Is it a good thing to have sex during menstruation?


----------



## Enchantment (May 11, 2011)

It's really just a matter of personal preference.

There's nothing wrong or weird about you if you don't mind doing it during a woman's period, nor is there anything wrong or weird about you if you do mind. 

For some women, a period can be a very uncomfortable and even painful time. And yet other women can have revved libidoes during that time. For others, intercourse and orgasm may help the pain and cramps - and for others - not so much. For some that 'time of the month' makes them feel bloated, out of sorts, tired, and unattractive. So, it really depends a lot upon how the woman feels during her cycle.
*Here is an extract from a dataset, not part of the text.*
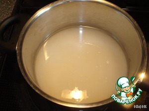 сахар залить водой 150 мл. и поставить на огонь. после закипания варить 7 мин.

I used to have relatively comfortable, light periods and it was easy to engage in intercourse during them, but then I hit my 40's and the flood gates opened so to speak and there's a lot of cramping now, so it is not so comfortable during anymore. So, comfort level can even change over time in the same individual. 

And there are a lot of ways to have sex that don't involve PIV, and many of those ways are fun to explore during that time if both feel up to it. 
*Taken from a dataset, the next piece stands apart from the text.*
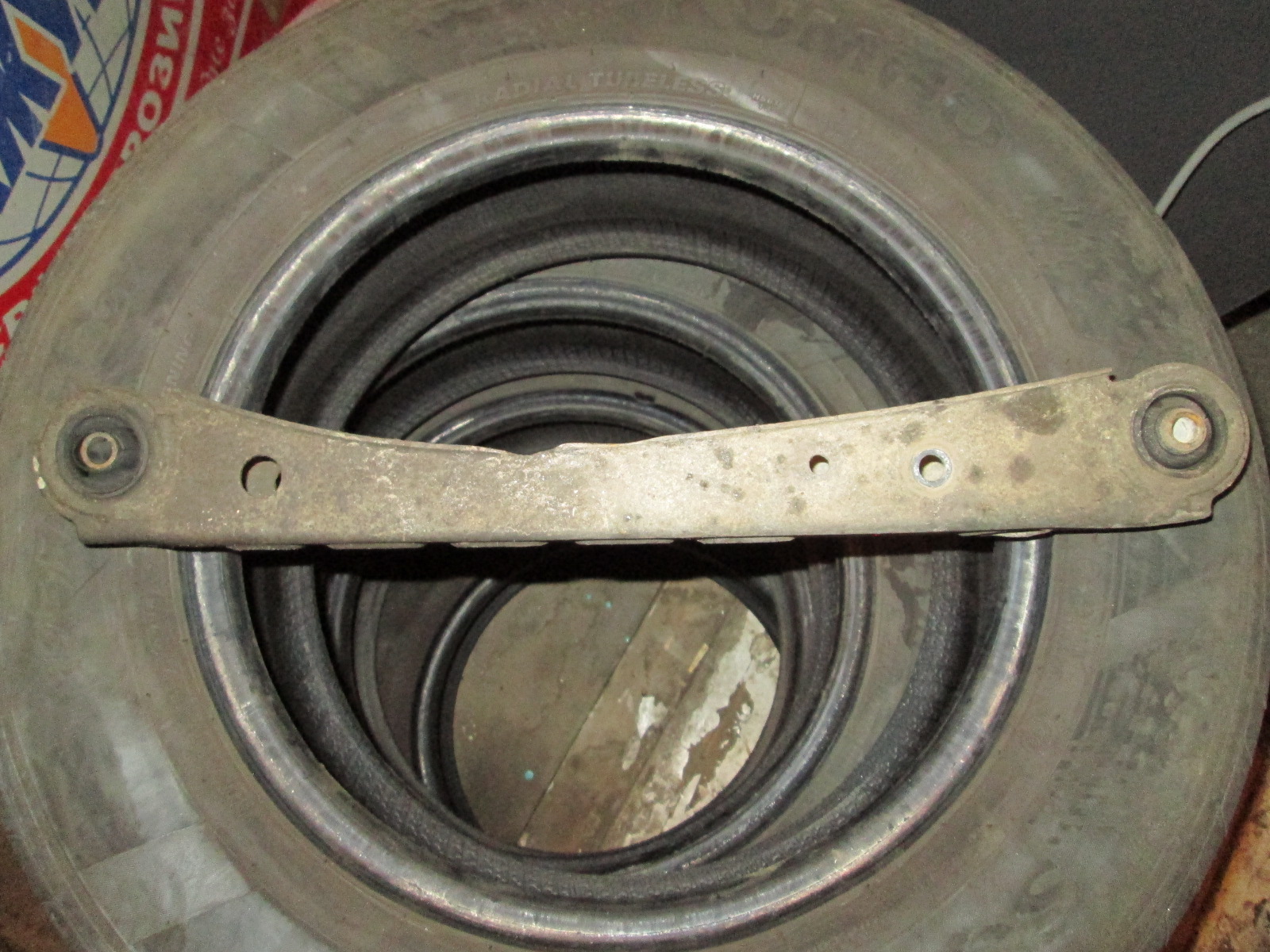 Возле гаража, который снимаю - эстакада. Загнал, подпер досками колеса на правой стороне. Позаглядывал. На правом заднем продольном рычаге передний сайлентблок (он не цельный, с прорезями) мертв: внутренняя втулка отслоилась и сожрала резину сайлента.

Sex and Menstruation - Sexual Health - EverydayHealth.com

Best wishes.


----------



## HappyAtLast (Jan 25, 2010)

Enchantment said:


> It's really just a matter of personal preference.
> 
> There's nothing wrong or weird about you if you don't mind doing it during a woman's period, nor is there anything wrong or weird about you if you do mind.
> 
> ...


:iagree: Some people refer to it as doing the backstroke.


----------



## that_girl (Jul 6, 2011)

We don't care if I'm on my period, except for the first day when it's just too messy.

Get a dark towel and have fun!


----------



## Zzyzx (Aug 24, 2011)

Dark towels. That brings back memories. Nowadays I don't care much one way or the other. If she's in the mood regardless of time of month, I'm game. But when I was younger, I used to really enjoy making it with a girl in her period. Messy as heck, but that was part of the fun. But of course, that girl was a bit unique in that she did enjoy it during her period; most of my experience has been that women generally don't like to go there. And yes cramps do affect the mood a lot. My ex used to have to take Advil for a day or two during this time. Definitely no one size fits all...


----------



## SepticChange (Aug 21, 2011)

I've done it before and had no problem with it. It eased my cramps. Plus it's extra lube!


----------



## Jellybeans (Mar 8, 2011)

I will do it but w a condom. I'm not a fan of blood. Lol. If my period is really heavy, I don't want to.Women are hornier during their period and that's a biological fact.
_Posted via Mobile Device_


----------



## Almostrecovered (Jul 14, 2011)

Tastes like rusty coins
_Posted via Mobile Device_


----------



## TallJeff (Nov 1, 2011)

that_girl said:


> We don't care if I'm on my period, except for the first day when it's just too messy.
> 
> Get a dark towel and have fun!


Ditto


----------



## square1 (Oct 31, 2011)

My husband and i have done it on my period, although not in a long long time. I wasnt opposed to it. But the first time he suggested it I was like "you wanna do what on my what? Weirdo." 

Definitely wasn't bad sex, just remember the towel.


----------



## that_girl (Jul 6, 2011)

Almostrecovered said:


> Tastes like rusty coins
> _Posted via Mobile Device_




:rofl:


----------



## TallJeff (Nov 1, 2011)

Almostrecovered said:


> Tastes like rusty coins
> _Posted via Mobile Device_


I have my redwings, too.


----------



## that_girl (Jul 6, 2011)

TallJeff said:


> I have my redwings, too.


I draw the line with that.

*barf*


----------



## square1 (Oct 31, 2011)

that_girl said:


> I draw the line with that.
> 
> *barf*


:iagree: 
Never ever ever will my H be doing that. There just isn't enough mouthwash.


----------



## I'mAllIn (Oct 20, 2011)

that_girl said:


> I draw the line with that.
> 
> *barf*


Yep! I didn't even know I had a line, but that's most definitely it!


----------



## TallJeff (Nov 1, 2011)

With a tampon in you just stay up top at the clitoris and it's all good. And we only do that on light days.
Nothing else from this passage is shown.